Pastors and Venceremos fined

The Bush administration and the Treasury Department are enforcing the restrictions on travel to Cuba - particularly against two long-time supporters of fidel's policies - Pastors for Peace and Venceremos Brigade. The Miami Herald reports:

The Office of Foreign Assets Control (OFAC), the Treasury branch that enforces U.S. sanctions against Cuba, has sent letters to about 200 travelers from the groups asking them to provide information on their latest trips. The letters are the first step in a process that could lead to fines of about $7,500 per traveler.

Pastors for Peace has been organizing caravans of vehicles carrying aid from the United States to Mexico then on to Cuba since 1992, and members have received OFAC letters in the past, said spokeswoman Lucia Bruno.
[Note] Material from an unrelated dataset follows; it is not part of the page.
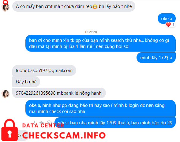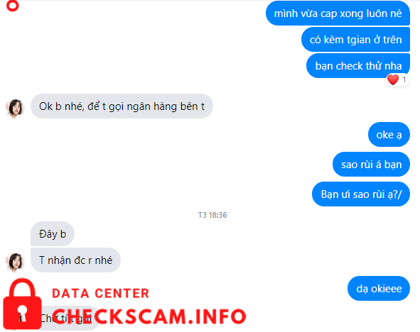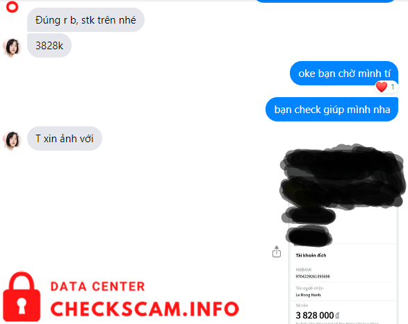 Scammer Alert: Lê Hồng Hạnh Reported: November 16, 2024 Scammer Information Full Name: Lê Hồng Hạnh Payment Gate: MB BANK Payment Account: 9704229261395698 Category: Marketplace scams Source: Checkscam Evidence Files Report Description Lừa đảo qua chuyển khoản, sau khi nhận tiền block luôn Comments Your comment Add Comment No comments yet. Be the first to share your experience with this scammer.

But this is the first time OFAC has sent out so many letters, she said, suggesting a more aggressive enforcement attempt.

''This time it's different in that virtually everyone in the last caravan received the letter. Before it was sort of here and there,'' she said.

The Pastors raised a big stink this past summer when they were prohibited from taking 43 boxes of computers to Cuba. Computers are on the list of contraband since computers can be used for spying and other military purposes. The Pastors talked about the need for computers in Cuba, but failed to point out that it's almost impossible for a private person to own a computer in Cuba - due to fidel's regulations.

In 2004, the US collected almost two-million dollars in fines from 884 people who traveled to Cuba illegally.